Antivirals are one of the most sought after, yet missing, tools to control SARS-COV-2. Chris Stokel-Walker asks what was learnt from a similar search nearly 20 years ago

Antiviral drugs are among the most researched tools for treating covid-19. They either prevent a virus entering a host cell or prevent it from being able to replicate once it is inside.

And yet, over 18 months into the pandemic, finding ones that are effective against SARS-CoV-2 has proved challenging. Remdesivir was an early frontrunner—and many governments were desperate enough to grant it emergency use approval despite limited evidence.

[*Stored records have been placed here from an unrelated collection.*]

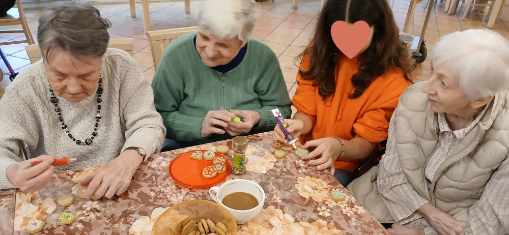 Młodzież z Prywatnej Szkoły Podstawowej Pro Beanus w Warszawie, jak co roku, przybyła do naszego Domu, aby razem z Seniorami spędzić przedświąteczny czas, dekorując pierniczki, śpiewać kolędy i rozmawiać o świętach, tradycjach i wspomnieniach. Nasi Seniorzy czekali z niecierpliwością na Młodzież, która prócz pierniczków przyniosła doskonały humor, uśmiech i dobre słowo dla każdego. Wspólne rozmowy i pracę, zakończył koncert kolęd w wykonaniu naszych Gości. Był to niezapomniany dzień, zwiastujący zbliżające się święta.
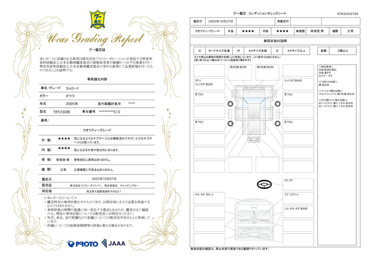 | 車両状態評価書 | ※クリックすると開きます![]() |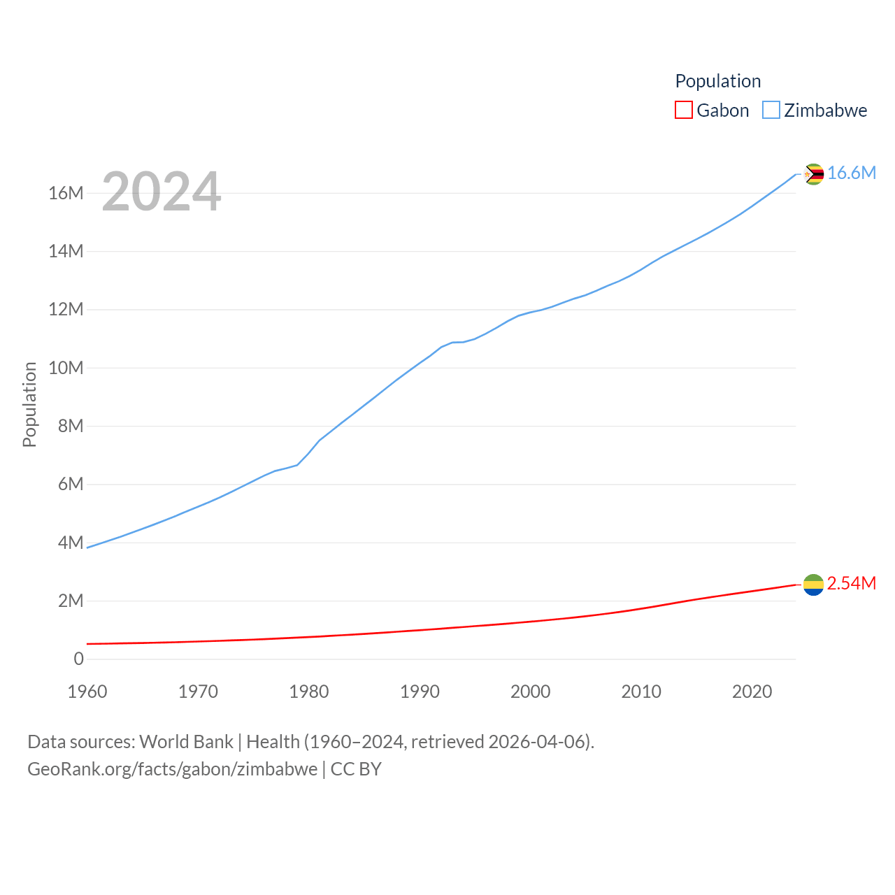 Gabon has a population of 2.54M (ranked 141/197), compared with 16.6M in Zimbabwe (ranked 74/197). Gabon's land area is 99,487 sq mi versus 149,364 sq mi for Zimbabwe (ranked 75th vs. 60th).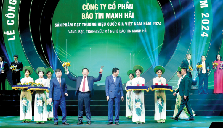 Trải qua vòng xét chọn kỹ lưỡng từ hơn 1.000 hồ sơ tham gia, đáp ứng hệ thống các tiêu chí khắt khe của Chương trình Vinh danh Thương hiệu quốc gia Việt Nam 2024, Công ty CP Bảo Tín Mạnh Hải vinh dự được Thủ tướng Chính phủ trao biểu trưng Thương hiệu quốc gia Việt Nam 2024 cho sản phẩm vàng, bạc, trang sức mỹ nghệ.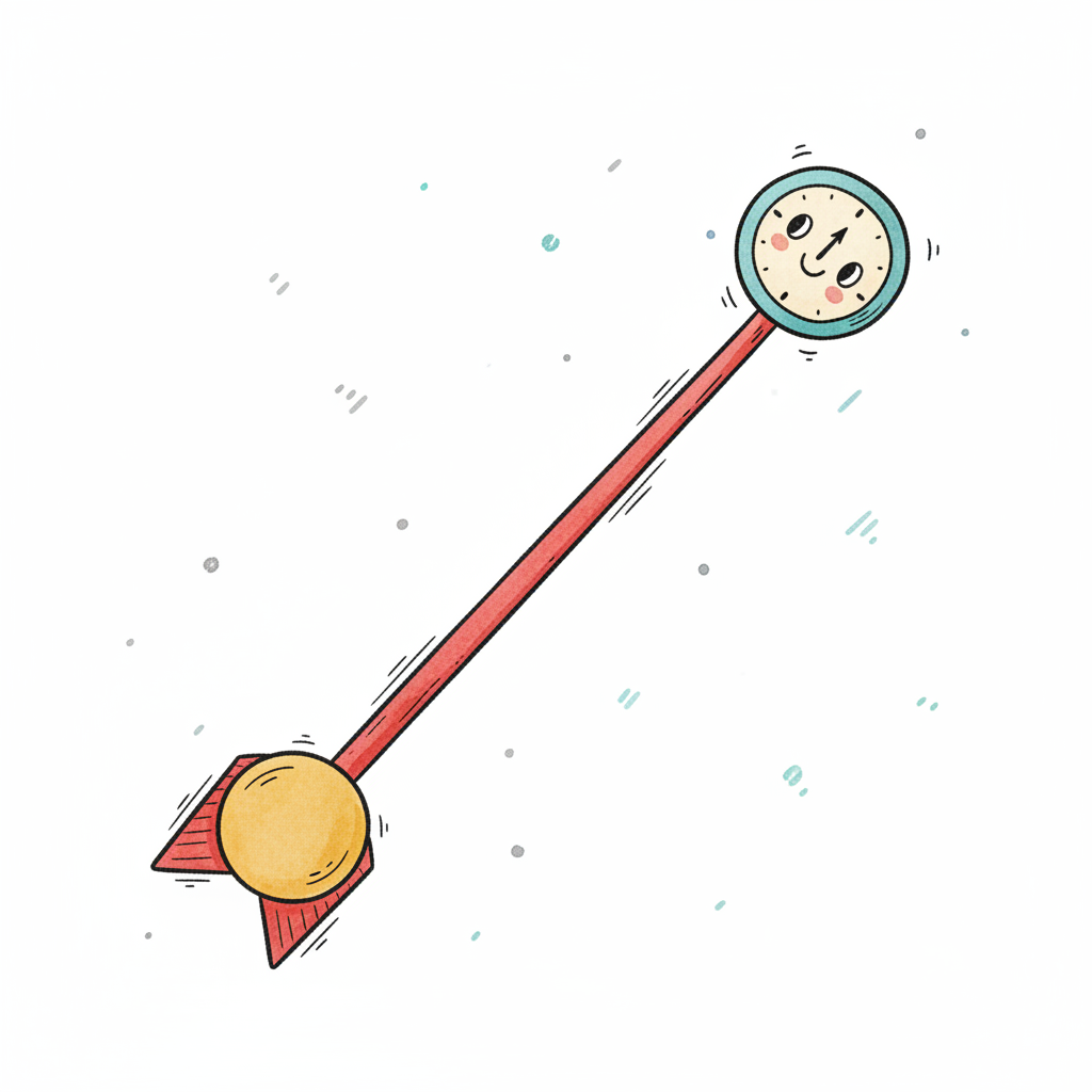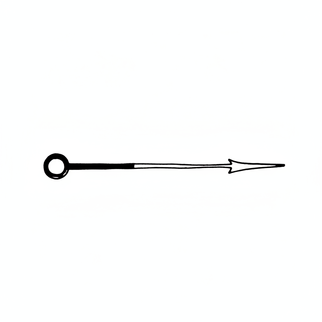 Handgezeichneter schwarzer Pfeil mit Ring am Anfang, zeigt nach rechts auf weißem Hintergrund.
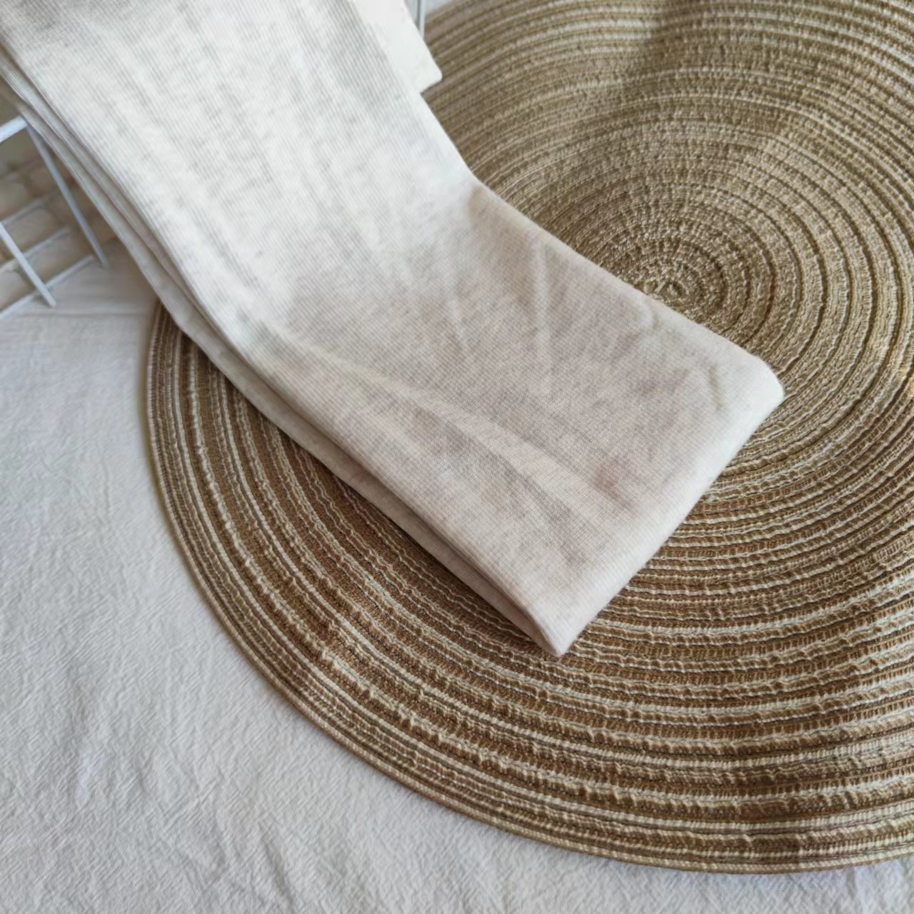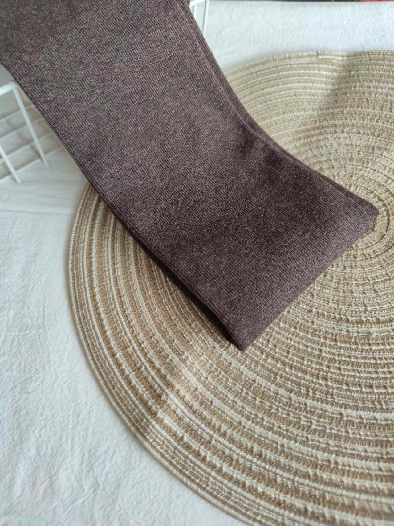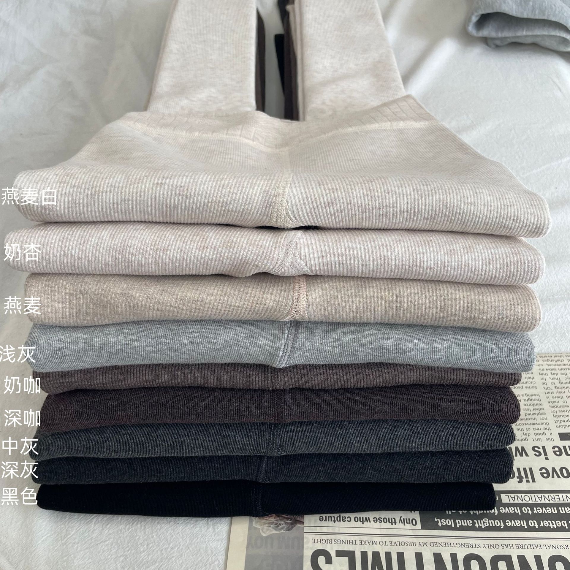 我们的打底裤是进口的机器和高品质原料做成的,无论是在设备,原料,染色,拼缝,定型包装等各个环节我们都比同行更专业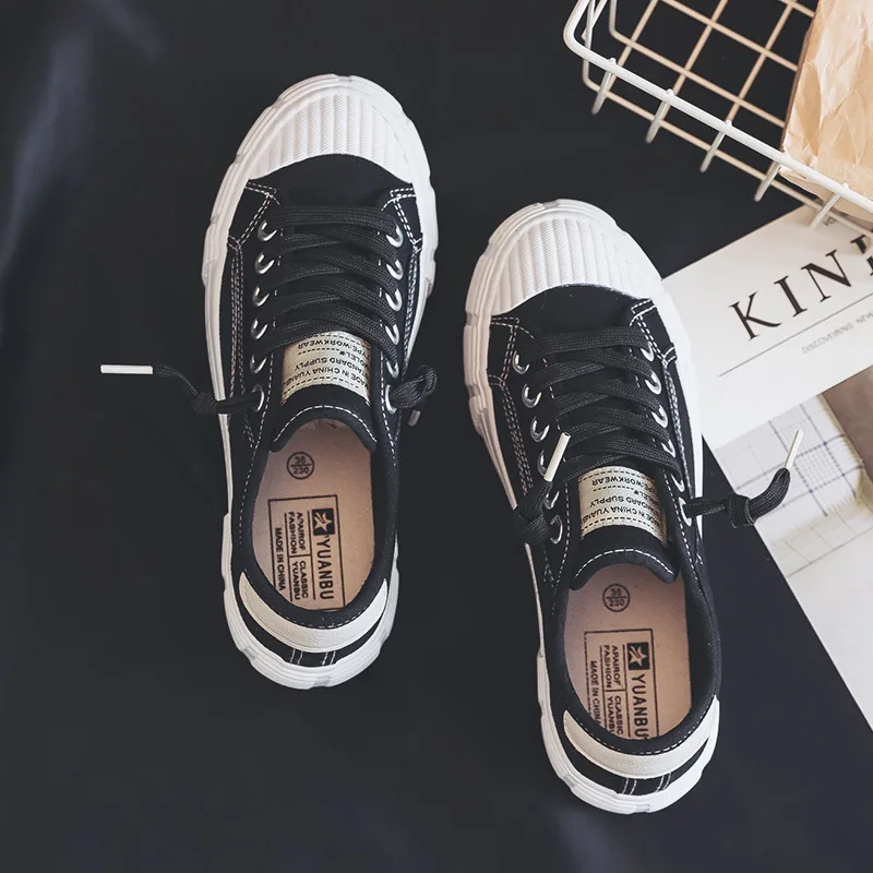 Женская парусиновая обувь; Однотонная летняя Новинка 2021 года; Стильные женские кроссовки; Обувь для девочек; Цвет черный, белый; Кроссовки на шнуровке; Низкие эспадрильи

Those early hopes were ultimately dashed when major studies, notably the World Health Organization’s Solidarity trial, found it to be ineffective at preventing death (although it did help patients already recovering do so marginally faster).1 Doctors in Japan have treated covid-19 patients with favipiravir, an influenza antiviral, but the drug has previously been linked to birth defects.2

Developing antivirals is tricky—the first was approved only in 1963. Unlike antibiotics, which some bacteria make to combat other bacteria, few antivirals exist in nature. Viruses are also harder to target than bacteria (box 1).

Box 1

How an antiviral for covid-19 could work

Antivirals could tackle SARS-CoV-2 in several ways.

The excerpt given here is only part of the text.